5 minute read

Open Access Publishing for JMIRO Authors

Wiley and CAUL Open Access Agreement

Access to research is a real problem affecting both scholars and their audiences, particularly practitioners, policy makers and other researchers. And a conundrum is the disconnect between research funding and publication. It’s been estimated that the Australian government invests $12 billion a year of public money in research and innovation, only for most of the publications that eventuate to be locked behind a paywall, inaccessible to industry and researchers. At the same time, Australian universities and others pay publishers an estimated $460 million to $1 billion a year to see this published work.

To overcome this, Open Access (OA) is a publishing movement aimed at making published research freely available online. The Council for Australian University Librarians (CAUL), the peak leadership organisation for university libraries in Australia, recognises the benefits of the wide dissemination of research especially under funder and institutional OA policies. We know that open access articles are used and cited more often than traditionally paywalled content.

Throughout 2022 we saw the rapid adoption of OA across Australian and New Zealand scholarly journals, and this is set to continue into 2023 and beyond. OA brings with it new opportunities and challenges. Open access will see your work being made freely available immediately upon publication, while you retain copyright and publish under a Creative Commons license.

It’s clear that OA is gradually catching on, and this can be seen with our College journal JMIRO: as of the end of November 2022, 38 per cent of papers published in JMIRO (a Wiley publication) were published OA, compared to six per cent for the full year 2021 and two per cent for the full year 2020—so it is fair to say that CAUL has definitely benefited the journal along with some authors and researchers.

When comparing the performance of open access articles in hybrid journals against those published closed, or behind a paywall, Wiley have noted that OA articles were downloaded three times more, were cited 50 per cent more, and generated three times as much Altmetric attention.

However, the costs for authors to publish OA can be a sticking point: even with CAUL and other agreements providing costfree open access publishing for authors, around 12 per cent of eligible Wiley authors choose not to publish open access.

The good news is that Wiley and CAUL’s OA Agreement allows authors in Australia and New Zealand affiliated with CAUL member institutions (bit.ly/CAULmembers) to publish in JMIRO without paying any transactional Article Publication Charges.

One College Fellow who is taking advantage of the new publishing agreement is A/Prof Warren Clements. He has recently published five OA articles in JMIRO.

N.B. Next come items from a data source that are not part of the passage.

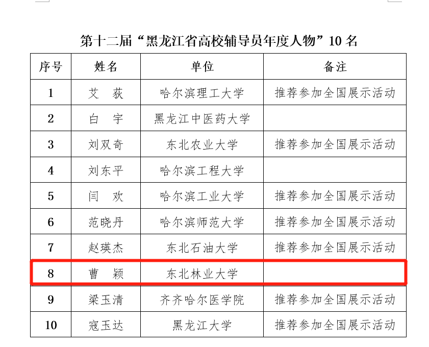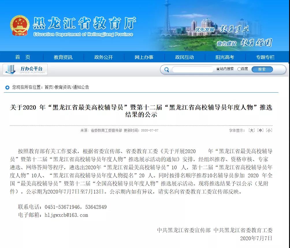 “最美高校辅导员”和“高校辅导员年度人物”评比,每年举行一次,由教育部思想政治工作司主办、中国高等教育学会辅导员工作研究分会承办,是国家层面辅导员个人最高荣誉,也是各高校辅导员队伍建设水平和层次的标志。自2009年以来,我校从未缺席黑龙江高校辅导员年度人物入选名单,累计10人获得此项荣誉,其中3人获得全国高校辅导员年度人物入围奖、1人获得提名奖,郭婷婷获评第五届全国高校辅导员年度人物,受到习近平总书记的亲切接见,感人事迹被中国教育电视台等主流媒体报道。
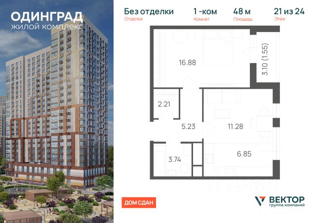 Прямая продажа от застройщика. Продается 1-комн. квартира площадью 36,09 кв.м на 3 этаже 23 этажного дома в ЖК "Одинград" от федерального девелопера ГК "Вектор". Жилой комплекс "Одинград. Квартал "Семейный"" состоит из 11 монолитных корпусов с авторской архитектурой. Панорамные лоджии позволяют любоваться рассветами и закатами, а квартиры предлагаются с чистовой отделкой, разнообразными планировками и площадью от 20 до 99 кв. м. Высота потолков варьируется от 2,7 до 3,6 м. Для семейного отдыха и активного времяпрепровождения на территории комплекса создан ландшафтный парк площадью 4,8 га. Внутренний двор "Фабрика детства" включает зоны воркаута, игровые и спортивные площадки для детей всех возрастов, гамаки, лежаки, велосипедные и беговые дорожки. Двор полностью свободен от автомобилей, а игровое оборудование рассчитано на самостоятельное использование. В квартале предусмотрена развитая инфраструктура: три детских сада и собственная школа. Для автомобилей организован наземный паркинг с круглосуточным видеонаблюдением. Природные объекты площадью 2 тыс. га находятся в шаговой доступности, здесь можно гулять, кататься на велосипеде, роликах или лыжах, проводить выходные с семьей на свежем воздухе. Комплекс удобно расположен с точки зрения транспорта. Остановка общественного транспорта находится всего в 100 м от домов, а планируемый выезд на платную скоростную трассу М-1 позволит за 15 минут добраться до Москвы и за 30 минут — до центра столицы. Архитектурный проект разработан бюро Tikkanen в финском стиле. Входные группы оборудованы зонами отдыха, предусмотрены места для колясок и спортивного инвентаря. В подъездах установлены бесшумные скоростные лифты, обеспечивающие комфорт каждому жителю.
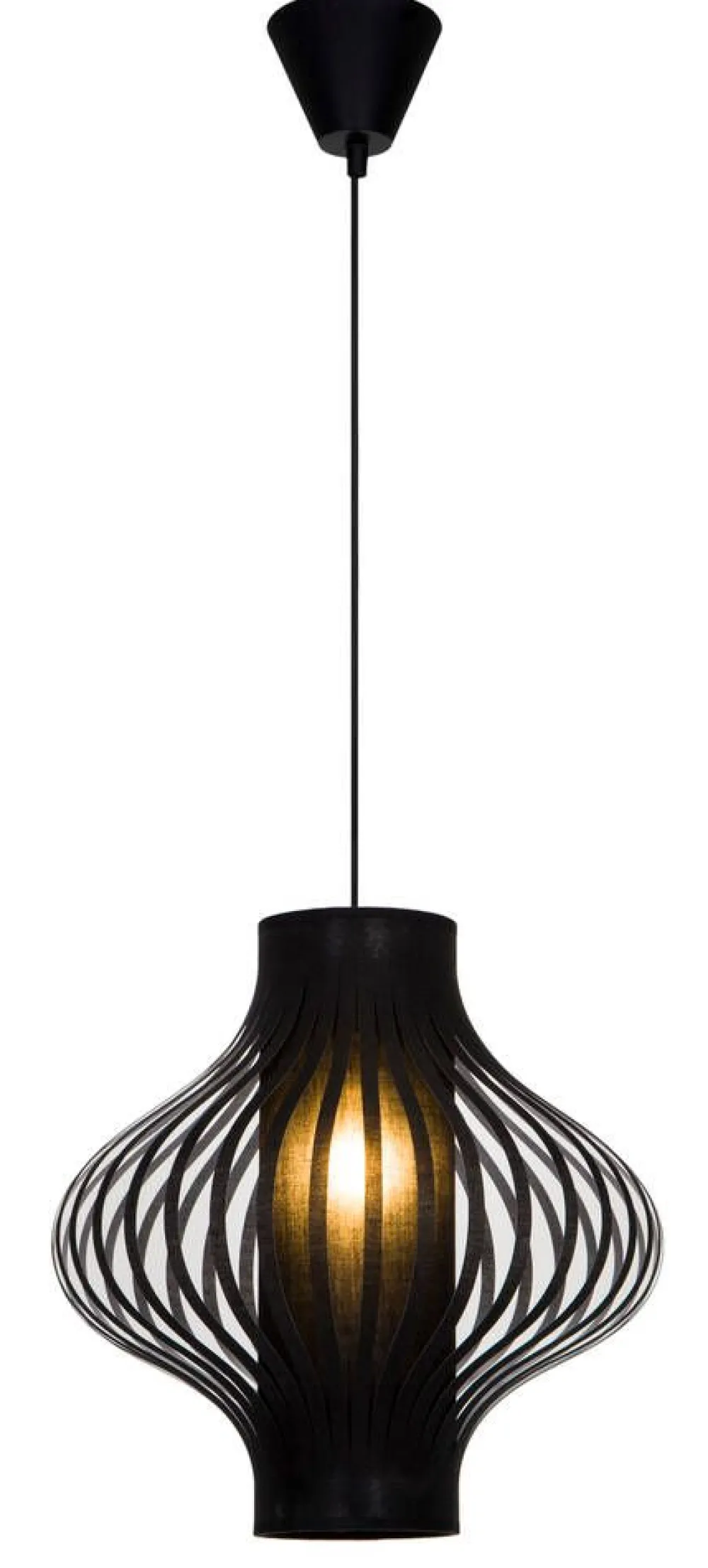 Trendikäs riippuvalaisin, jonka laminoitu varjostin antaa mukavan valon. Helppo asennus kattokoukkuun, mukana pistotu…
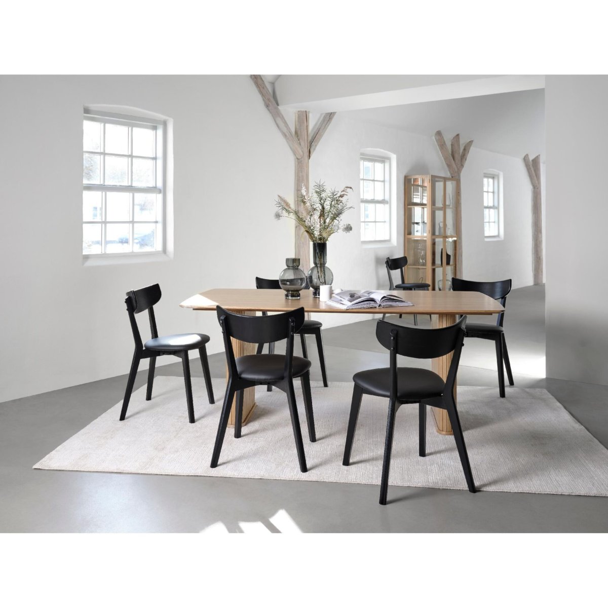 De zwarte eiken afwerking, strakke lijnen en het minimalistische silhouet maken van deze design eetkamerstoelen echte allrounders voor ieder interieur. Ze combineren moeiteloos met houten eettafels, tafels met zwart metalen onderstel en lichte of juist donkere interieurs. De compacte buitenmaten van 81,5 x 47,5 x 50 cm zorgen ervoor dat je meerdere stoelen rond de tafel kunt plaatsen zonder dat de eethoek vol of rommelig oogt. In een Scandinavisch interieur brengen ze rust, eenheid en warmte; in een industrieel decor versterken ze het stoere, eigentijdse karakter. Dankzij de levering per set van 2 style je snel en eenvoudig een complete eethoek of breid je je huidige eetkamerstoelen uit met exact dezelfde look, materiaalkeuze en zitkwaliteit. Zo haal je met de Karo-serie van Nest of Nora een duurzame, comfortabele en stijlvaste oplossing in huis voor elke eettafel.
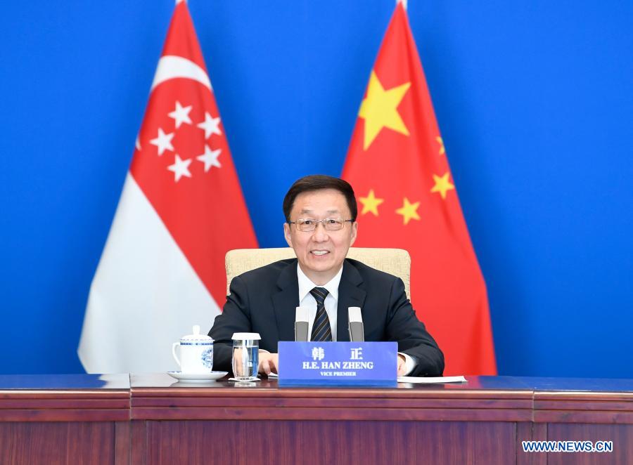 BEIJING, Dec. 8 (Xinhua) -- Chinese Vice Premier Han Zheng Tuesday met with Singaporean Deputy Prime Minister Heng Swee Keat via video link and they co-hosted four meetings of bilateral cooperation mechanisms.

Tell us about your experience of Open Access

The concept of OA is absolutely the future of academic radiology. We create science to further the world’s understanding of modern medicine. Science is intended to reach patients and clinicians far and wide, and this is achieved through publishing in journals which can offer a broad readership.

The first transition to global readership was moving to an online platform, with clinicians rarely receiving or reading print journals in this modern age. However, online articles were traditionally still held behind paywalls.

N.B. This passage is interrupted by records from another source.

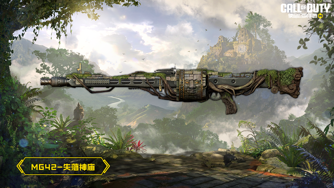 MG42-失落神庙将人类文明的遗迹与自然的生命力融为一体,武器的整体造型模仿了神庙遗址的斑驳与沧桑,仿佛是一段历史的见证者。枪管和枪托部分长满了苔藓,充满了历史的痕迹和故事感。树藤沿着枪身蔓延开来,充满了历史的痕迹和自然的生命力。
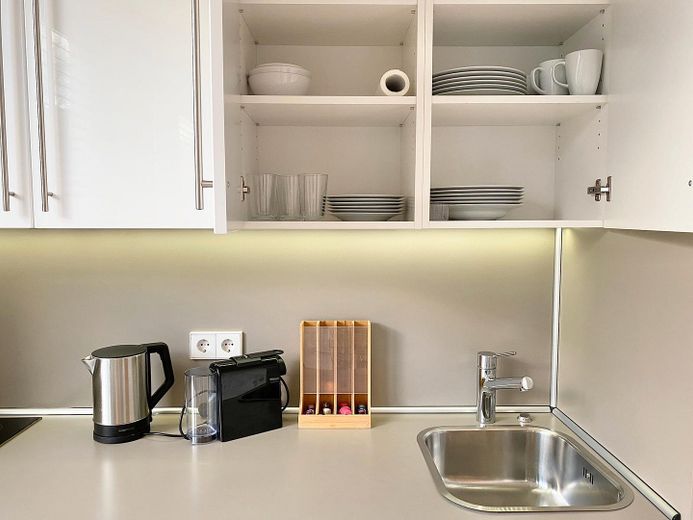 Diese hochwertig möblierte 2-Zimmer-Wohnung wird komplett eingerichtet vermietet. Die Mindestmietdauer beträgt 12 Monate.
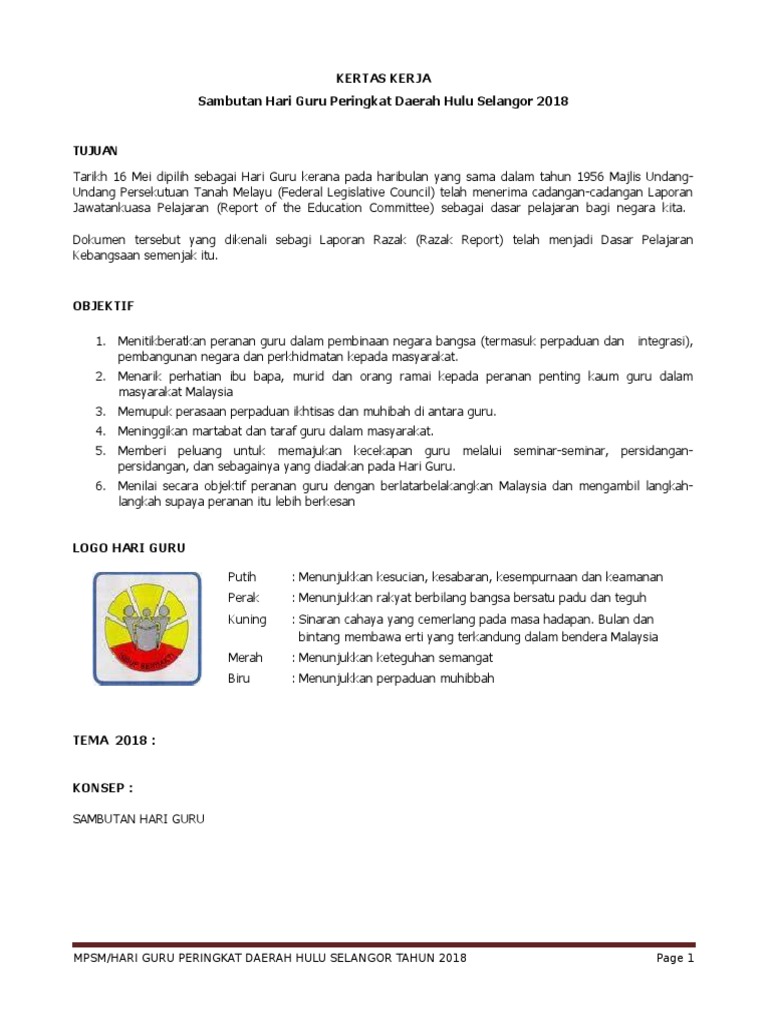 Kertas Kerja Hari Guru 2019 Pages 1 6 Text Version Anyflip

When OA began, it required individual researchers to fund OA fees for their article. In Australia, we have traditionally had limited ability to access grants and other funding models to support research, unlike in European and American medicine. Almost all academic radiologists could not fund these fees. Publisher fees were traditionally paid by university and hospital libraries through subscription to online content. While the OA concept had arrived, this model was still prohibitive for researchers. Personally, I was not able to use this for my articles in JMIRO.

The recent CAUL agreement was one of the first to make a progressive change for academic radiology in Australia. This agreement allows universities to fund open access fees for hybrid journals such as JMIRO, and I have been lucky to use my mutual affiliation with Monash University to publish many of my articles through OA.

I hope that at some stage soon this will be extended to cover purely OA journals and not just hybrid journals.

[Update: As of 1 January 2023, the Wiley-CAUL Agreement now covers gold open access journals too!]

By publishing with the CAUL agreement, I can now allow researchers across the world to read and use the ideas and concepts that I have studied. This means ideas are disseminated faster, wider, and may make a difference far sooner than a physical article being printed and sent to a library.

The next iteration is pairing this with modern academic aids, for example, social media such as Twitter. Academic radiology communities are thriving on these platforms and being able to share links to my open access articles in JMIRO, not only does my research get read instantly, but it gets read by the right people.

The future is bright, and the collaboration between CAUL and Wiley/JMIRO is a great start for academic radiology in Australia.